The domiciliation of Triatoma maculata and Rhodnius prolixus and the entomological risk indicators for the transmission of Trypanosoma cruzi, an etiological agent of Chagas Disease-CD, were studied in rural villages of Anzoátegui state, Venezuela. Nightly home visits were made for 4 months/year, for 2 years, to search for and capture triatomines in human settlements. For six of the evaluated villages, 16.4% (11/67) of houses were found with triatomine infestation; obtaining 151 triatomines in all their ontogenetic stages, of which 54.3% (82/151) corresponded to T. maculata and 45.7% (69/151) to R. prolixus. In 7.5% of the evaluated houses, both species were presented in sympatry. Entomological indicators of transmission risk were higher for T. maculata in relation to R. prolixus. Inoculation of fecal flagellates of triatomines produced 2.92 × 105 flagellates/mL of blood in mean and 100% mortality in the murine model. Molecular tests (satellite DNA, kDNA and DTUs studies) demonstrated the presence of T. cruzi, all compatible with TcI. The food source determined by IESPA, revealed that R. prolixus showed less eclecticism in relation to T. maculata in the use of blood sources.

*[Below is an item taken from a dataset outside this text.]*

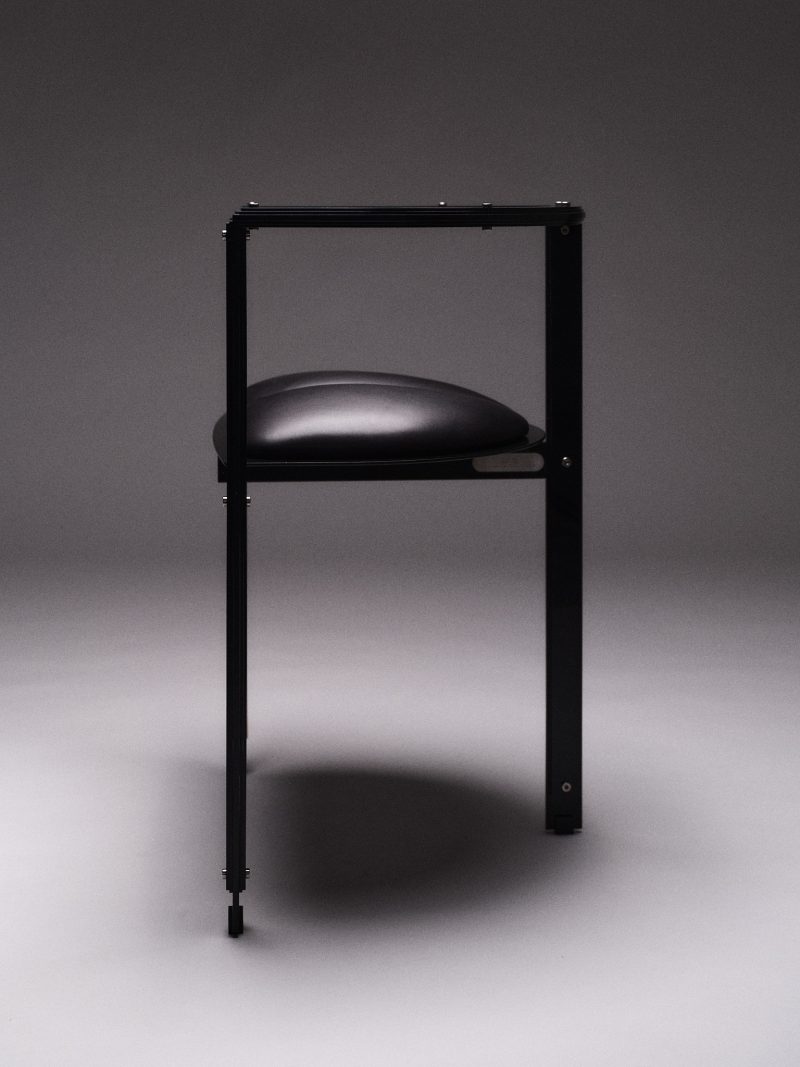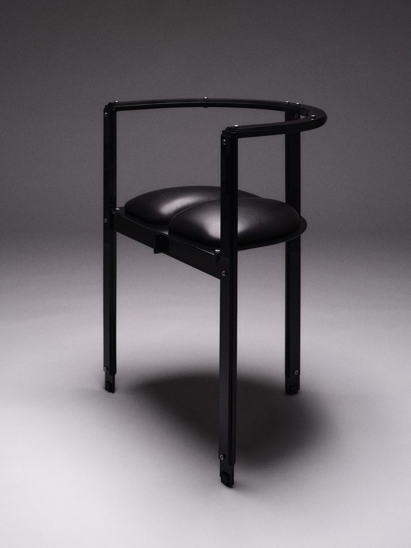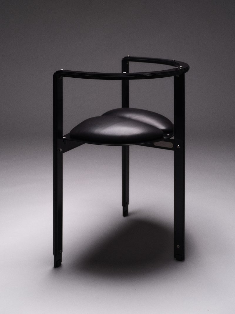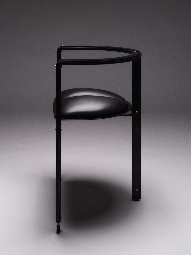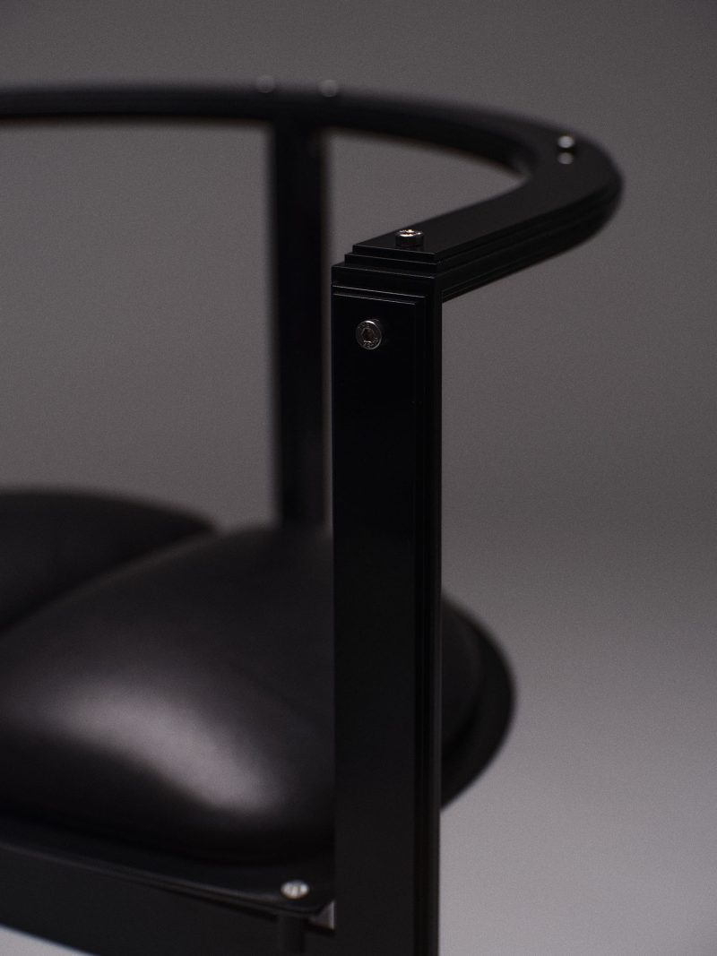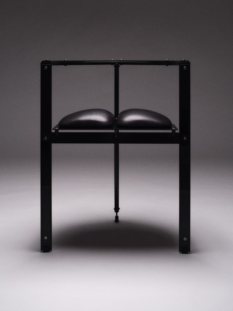 Powder coated steel, calf leather upholstery

This could be an indicator of an older domiciliation with low dispersion between ecotopes. The sympatry of T. maculata and R. prolixus had been recorded in natural niches, but for the first time it is recorded inside the houses in rural villages of the Anzoátegui state. Human dwellings can constitute an adequate niche, with available food sources for both triatomines species and with the risk of establishing AT/CD as zoonosis or zooanthroponosis.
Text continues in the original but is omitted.